Does this appear to be the correct work-flow to be able to compare the two groups (+/- drug treatment)? The output for Cuffdiff gene differential expression testing shows there are no significant differences between the groups; however, examining the fold change, along with the visual inspection of the alignment data using IGV, there are significant differences. I am concerned the above workflow may be “averaging-out” the significant differences.
I considered utilized the replicate analysis option in Cuffdiff; however, I was confused as to what the correct transcript input file would be to allow for a non-biased analysis.
Any suggestions or feedback would be greatly appreciated! Thank you advice for your time!
Sample type/Biological Replicate/Drug Treatment
A / 1 / ―
B / 1 / ―
C / 1 / ―
A / 1 / +
B / 1 / +
C / 1 / +
A / 2 / ―
B / 2 / ―
C / 2 / ―
A / 2 / +
B / 2 / +
C / 2 / +
The data was prepared using single-end Illumina deep sequencing. Data analysis is being conducted utilizing Galaxy and its tools.

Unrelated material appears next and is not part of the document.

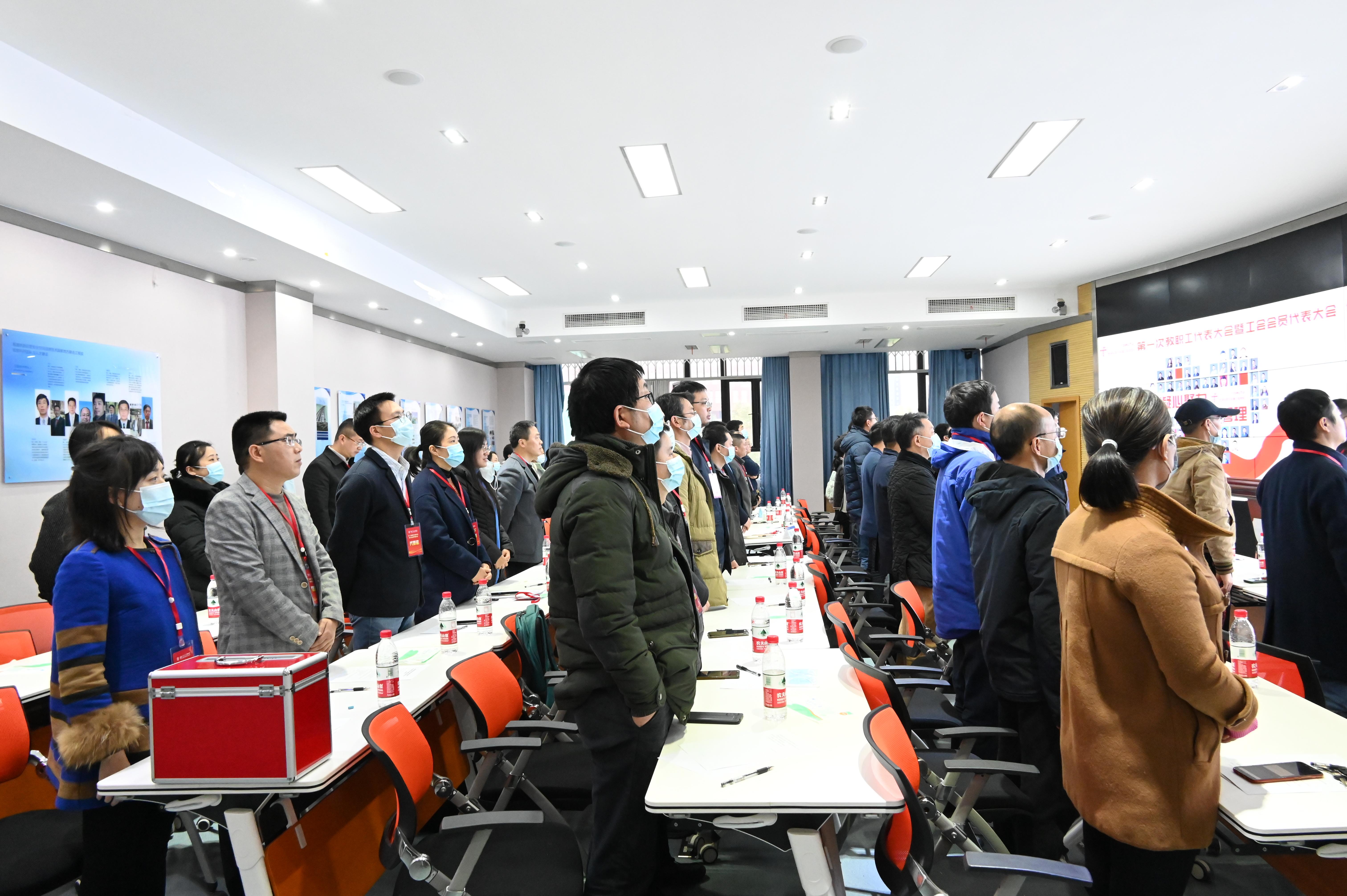 2021年12月2日下午4:00,学院党委副书记、纪委书记傅尤刚同志宣布地球科学与环境工程学院第一次教职工代表大会暨工会会员代表大会开幕,全体起立奏唱国歌。

All of the original RNAseq files were preprocessed by clipping and trimming using standard parameters.
To compare +/- drug treatment, the following procedure was undertaken:
1. NGS: Mapping → Bowtie2
2. NGS: RNA Analysis → Cufflinks
a. SAM or BAM file of aligned RNA-Seq reads: Bowtie2: Aligned Reads
b. A reference annotation and reference sequence data was utilized
c. Bias Correction and multi-read correct were performed
d. Reference sequence data
3. NGS: RNA Analysis → Cuffmerge
a. GTF file produced by Cufflinks: Cufflinks output file for sample of interest (Replicate #1_assembled transcripts)

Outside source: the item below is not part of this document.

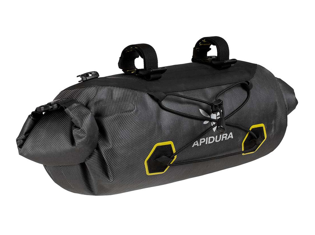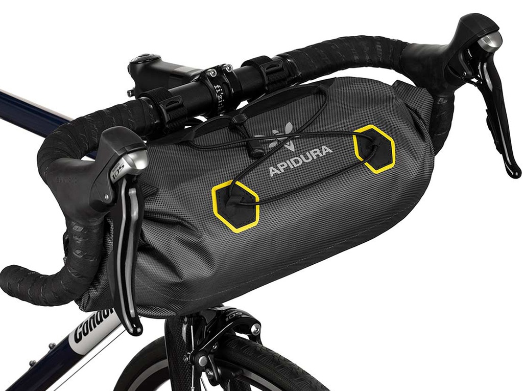 The handlebar bag is cut from a three-layer laminate fabric that was developed specially for Apidura. The material is lightweight, and is highly resistant to tears and abrasion. Notably, it's welded together at the seams, creating a watertight seal that ensures complete waterproofing.

b. GTF file produced by Cufflinks: 2nd Cufflinks output file for sample of interest (Replicate #2_assembled transcripts)
c. A reference annotation and reference sequence data was utilized
4. NGS: SAM Tools → Merge BAM Files
5. NGS: RNA Analysis → Cuffcompare compare
a. GTF file produced by Cufflinks: 1 Cuffmerged_Combined transcripts.gtf
b. GTF file produced by Cufflinks: 2 Cuffmerged_Combined transcripts.gtf
c. A reference annotation and reference sequence data was utilized
6. NGS: RNA Analysis → Cuffdiff find significant changes in transcript expression, splicing, and promoter use
a. Transcripts: Cuffcompare_Combined transcripts.gtf
b. Perform replicate analysis: No
c. SAM or BAM file of aligned RNA-Seq reads: merged bam (drug treatment (-))
d. SAM or BAM file of aligned RNA-Seq reads: merged bam (drug treatment (+))

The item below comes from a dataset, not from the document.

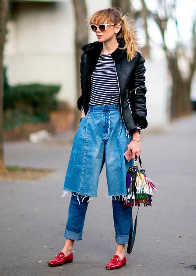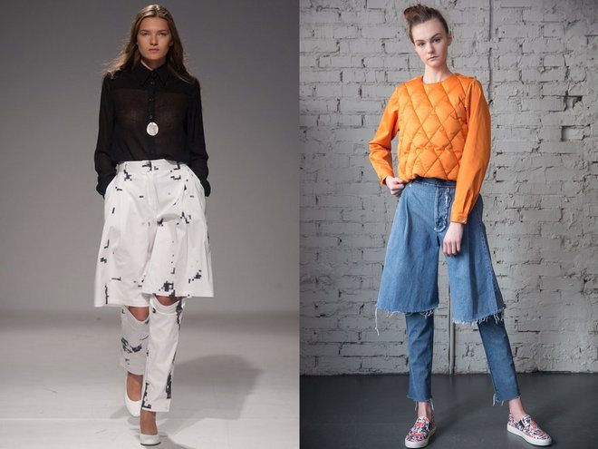 這股流行潮流必非來自4大時尚之都,讓人意想不到的是,Demi-Denims潮流最早是一位住在烏克蘭首都基輔的設計師Ksenia Schnaider帶出來的。前不久,她見到自己的一位朋友穿了一件高腰的牛仔褲,於是她建議人家把褲子剪成一個與眾不同的女裙褲,上面還保持著寬鬆的廓形,在膝蓋處剪開,最後在小腿收攏。於是,這種二合一的牛仔單品就出現了。

e. A reference annotation and reference sequence data was utilized
Steps #3-4 were done using each pair of sample replicates (e.g., A1- & A2-; B1- & B2-; etc.). In step #5, the Cuffmerge files for + and – drug treatment were compared (e.g., (A1(-)+A2(-)) vs. (A1(+)+A2(+)), which produced a combined transcripts.gtf file that was input into step #6, Cuffdiff.
Does this appear to be the correct work-flow to be able to compare the two groups (+/- drug treatment)? The output for Cuffdiff gene differential expression testing shows there are no significant differences between the groups; however, examining the fold change, along with the visual inspection of the alignment data using IGV, there are significant differences. I am concerned the above workflow may be “averaging-out” the significant differences.
I considered utilized the replicate analysis option in Cuffdiff; however, I was confused as to what the correct transcript input file would be to allow for a non-biased analysis.
Any suggestions or feedback would be greatly appreciated! Thank you advice for your time!